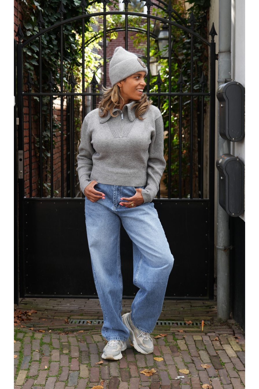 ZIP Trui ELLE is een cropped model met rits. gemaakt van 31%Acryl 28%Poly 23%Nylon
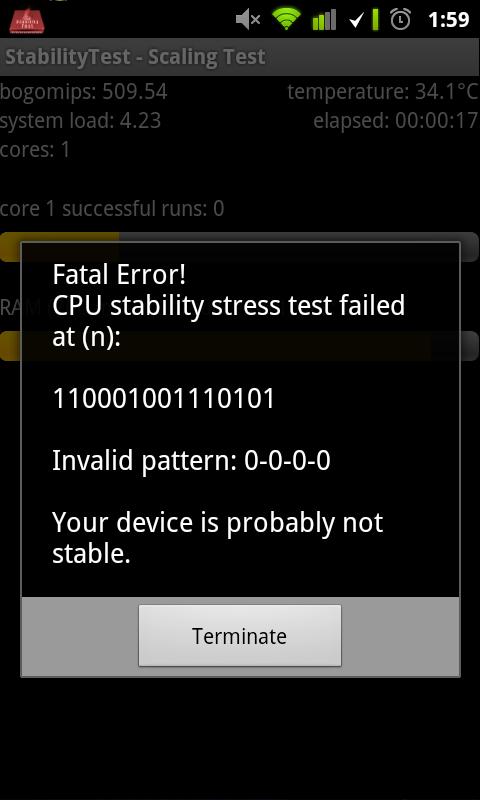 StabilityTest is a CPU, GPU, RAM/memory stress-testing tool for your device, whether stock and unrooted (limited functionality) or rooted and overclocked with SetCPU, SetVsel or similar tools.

########################################

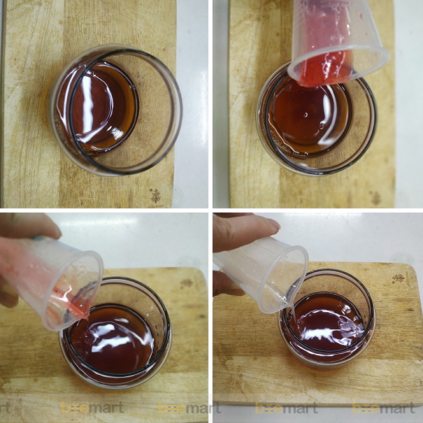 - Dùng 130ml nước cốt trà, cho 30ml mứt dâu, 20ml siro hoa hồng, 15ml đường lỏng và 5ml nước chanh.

########################################

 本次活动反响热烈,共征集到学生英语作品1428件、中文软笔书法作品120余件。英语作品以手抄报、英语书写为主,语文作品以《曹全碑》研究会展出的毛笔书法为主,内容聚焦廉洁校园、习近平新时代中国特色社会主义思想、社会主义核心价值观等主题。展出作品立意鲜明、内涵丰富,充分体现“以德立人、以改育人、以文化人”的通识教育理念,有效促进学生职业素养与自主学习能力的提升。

########################################

_PROBLEM DESCRIPTION_
With the pictures omitted, restate word for word the lines above from the line that has "ZIP Trui ELLE" up to and including the line that has "StabilityTest is a", and no other lines.

_OUTPUT OF THE TASK_
 ZIP Trui ELLE is een cropped model met rits. gemaakt van 31%Acryl 28%Poly 23%Nylon
 StabilityTest is a CPU, GPU, RAM/memory stress-testing tool for your device, whether stock and unrooted (limited functionality) or rooted and overclocked with SetCPU, SetVsel or similar tools.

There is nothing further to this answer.